Is every chest pain a heart attack?

Is every chest pain a heart attack?

Not all chest pain is indicative of a heart attack. Chest pain can be acute or chronic, and its origin may be cardiac (heart-related), pulmonary (lungs), or gastrointestinal (digestive system). Acute chest pain, however, always requires immediate medical attention as it could be a sign of heart failure, acute coronary syndrome (ACS), spontaneous pneumothorax, pulmonary embolism, emotional stress (like Takotsubo cardiomyopathy, often seen in women), connective tissue disorders (such as Marfan syndrome), cardiac valve issues, or even drug-induced complications.


Typical heart-related chest pain often includes shortness of breath during physical activity, which improves with rest or nitroglycerin. Atypical chest pain, seen more often in diabetic patients, women, and the elderly, can involve fatigue, nausea, or vomiting with activity. Cardiac pain is often described as a pressure-like or crushing sensation, but it can sometimes feel sharp or be masked by co-existing conditions such as lung, kidney, or liver disease.

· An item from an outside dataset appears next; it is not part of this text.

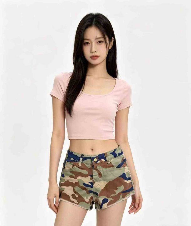 洋气潮流辣妹迷彩牛仔短裤,有弹力品质好,有独立包装,数量258件左右,码...

Gastrointestinal chest pain, like heartburn, is typically non-acute and triggered by certain foods (chocolate, spicy, acidic or citrus). It often responds to over-the-counter medications but should be evaluated if persistent.

If a patient presents with symptoms such as fluid in the lungs, low blood pressure, confusion, or abnormal heart rhythms, ACS should be considered.

Management may include reviewing medical history, conducting lab tests and imaging, and potentially starting medications to regulate heart rate, cholesterol, blood pressure, and using blood thinners. A referral for further procedures may also be necessary.

It is encouraged to communicate openly with healthcare provider, follow prescribed treatment, eat healthy meals and engage in regular exercise as tolerated.